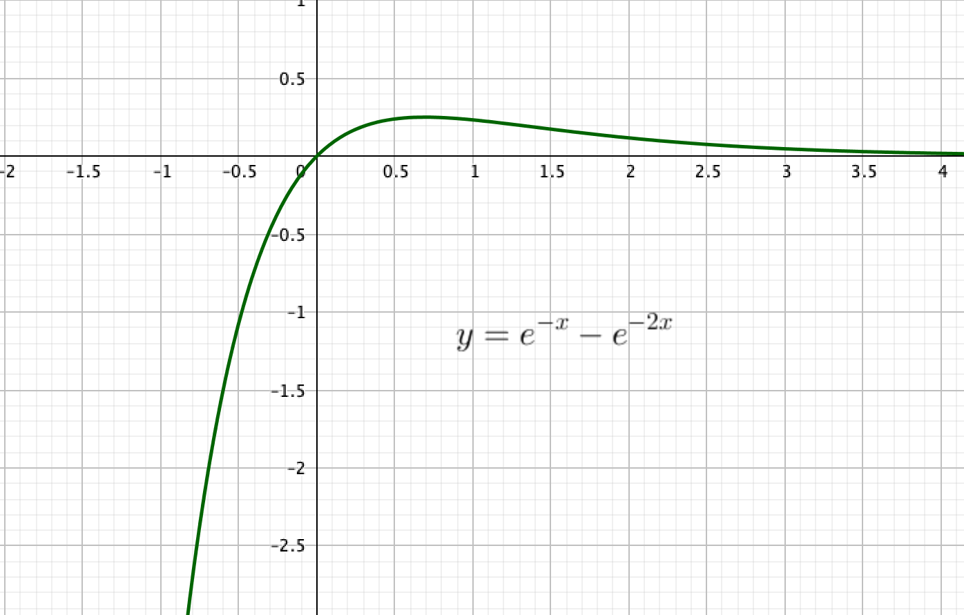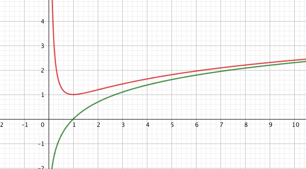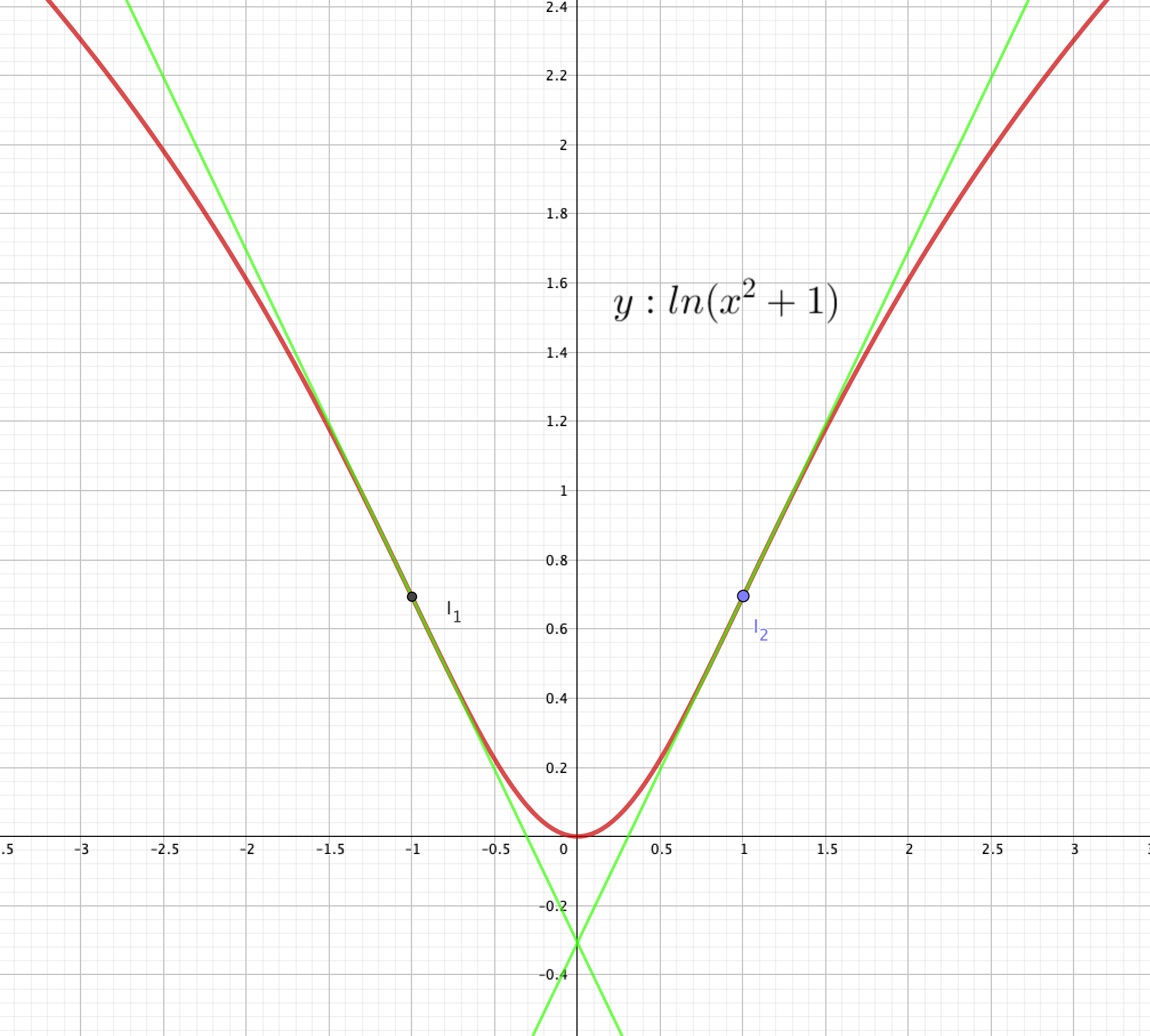 Deux points d'inflexion aux points d'abscisse x=1 et x=1. On notera que l'on a fait figurer sur la représentation graphique jointe ci-dessous les tangentes aux points d'inflexion : y=x+ln21 et y=x+ln21 (en vert) qui traversent la courbe.
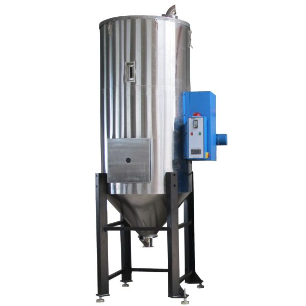 PET crystallizers are used for constant crystallization of un-crystallized PET regrinds or pellets. Processed materials can then be dried and dehumidified directly which can decrease cost. This system mainly consists of heating elements, insulated hopper and agitator screw mixing device. After un-crystallized PET materials are fed into the hopper, the system starts crystallization and agitator starts blending to prevent formation in lumps. Crystallized materials can be conveyed to material storage bin or into drying hopper directly.
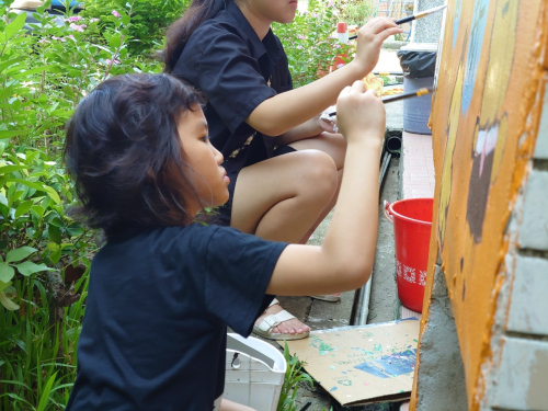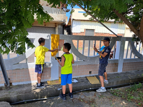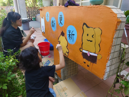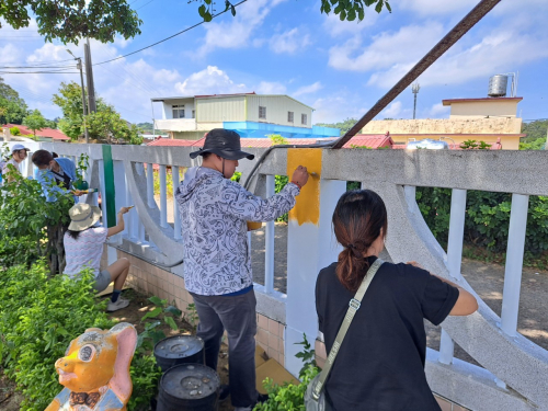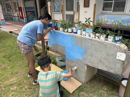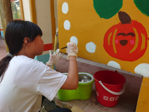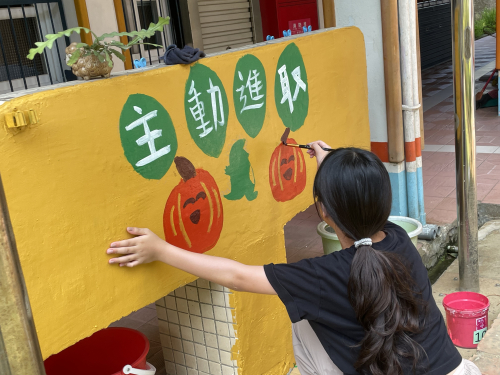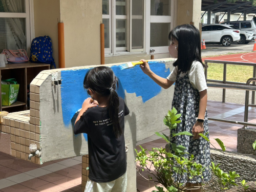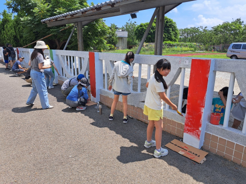 說明:圍牆彩繪,鈺創科技志工入校進行校園SDGs校園國際化圍牆彩繪。

→ **Problem to work on**:
Please write every line above out exactly as given, except for any pictures.

→ **Answer for this exercise**:
 Deux points d'inflexion aux points d'abscisse x=1 et x=1. On notera que l'on a fait figurer sur la représentation graphique jointe ci-dessous les tangentes aux points d'inflexion : y=x+ln21 et y=x+ln21 (en vert) qui traversent la courbe.
 PET crystallizers are used for constant crystallization of un-crystallized PET regrinds or pellets. Processed materials can then be dried and dehumidified directly which can decrease cost. This system mainly consists of heating elements, insulated hopper and agitator screw mixing device. After un-crystallized PET materials are fed into the hopper, the system starts crystallization and agitator starts blending to prevent formation in lumps. Crystallized materials can be conveyed to material storage bin or into drying hopper directly.
 說明:圍牆彩繪,鈺創科技志工入校進行校園SDGs校園國際化圍牆彩繪。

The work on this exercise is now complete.